** PROVIDED DATA **
····················
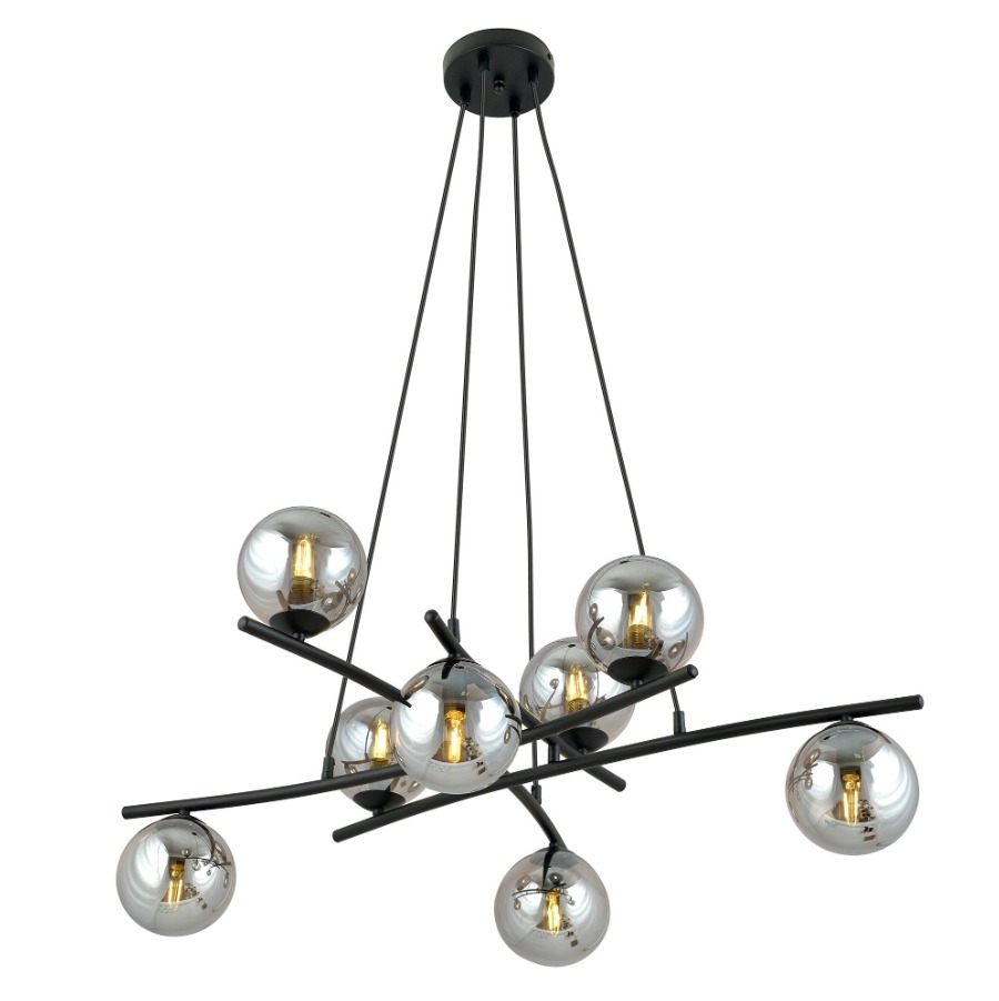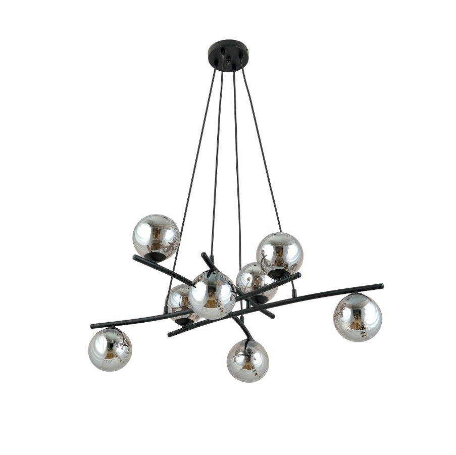 Lampa wisząca z ośmioma grafitowymi kulami, bo przydymione szkło dodaje światłu głębi i subtelnych refleksów. Najlepiej wypada nad dużym stołem w jadalni, nad długą wyspą lub w otwartej strefie dziennej, gdzie chcesz równomiernie rozłożyć światło i jednocześnie podkreślić aranżację czarną, designerską formą.
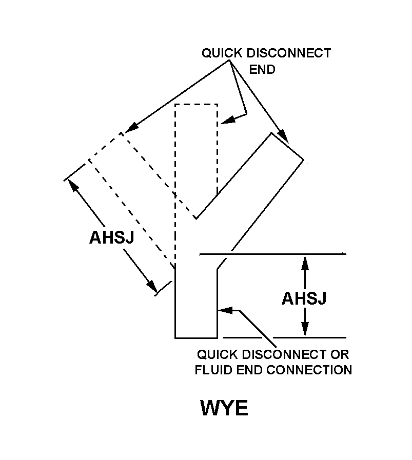 4730-00-322-9636 A fluid line fitting shaped to form the letter "Y" with a quick disconnect feature on the branch ends and having a pipe, tube, hose or quick disconnect feature on the base or inlet end.
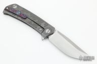 The UMMU! This awesome knife is designed by Aleksey Konygin and features a M390 blade, milled titanium scales & Backspacer, and a ZircuTi pocket clip. Opens by flipper tab on a multi row bearing pivot.  S/N 53. 2/2022.  Includes padded case and COA.  Excellent Condition.
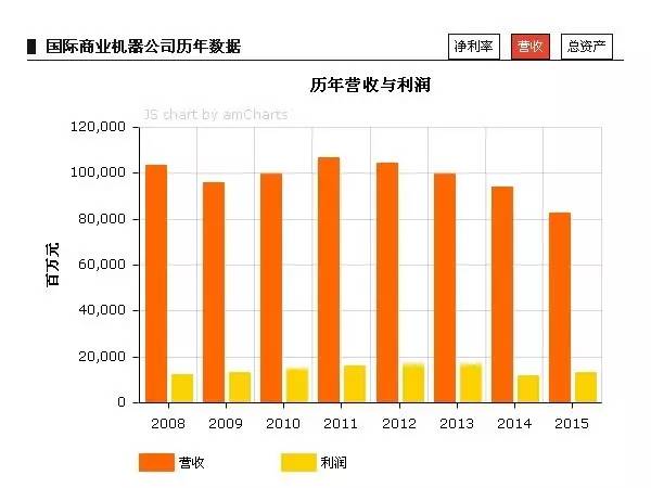 从2011年到2015年,IBM的年营收持续下滑,到2015财年,IBM的营收已经被软件巨头微软超过。在2016年《财富》世界500强排名上,IBM公司已经跌至第82名。不过,IBM公司的盈利水平一直还比较稳定。
····················
** REQUIRED ACTION **
In the copy, include no pictures, but repeat the listing exactly.

** ANSWER BELOW **
 Lampa wisząca z ośmioma grafitowymi kulami, bo przydymione szkło dodaje światłu głębi i subtelnych refleksów. Najlepiej wypada nad dużym stołem w jadalni, nad długą wyspą lub w otwartej strefie dziennej, gdzie chcesz równomiernie rozłożyć światło i jednocześnie podkreślić aranżację czarną, designerską formą.
 4730-00-322-9636 A fluid line fitting shaped to form the letter "Y" with a quick disconnect feature on the branch ends and having a pipe, tube, hose or quick disconnect feature on the base or inlet end.
 The UMMU! This awesome knife is designed by Aleksey Konygin and features a M390 blade, milled titanium scales & Backspacer, and a ZircuTi pocket clip. Opens by flipper tab on a multi row bearing pivot.  S/N 53. 2/2022.  Includes padded case and COA.  Excellent Condition.
 从2011年到2015年,IBM的年营收持续下滑,到2015财年,IBM的营收已经被软件巨头微软超过。在2016年《财富》世界500强排名上,IBM公司已经跌至第82名。不过,IBM公司的盈利水平一直还比较稳定。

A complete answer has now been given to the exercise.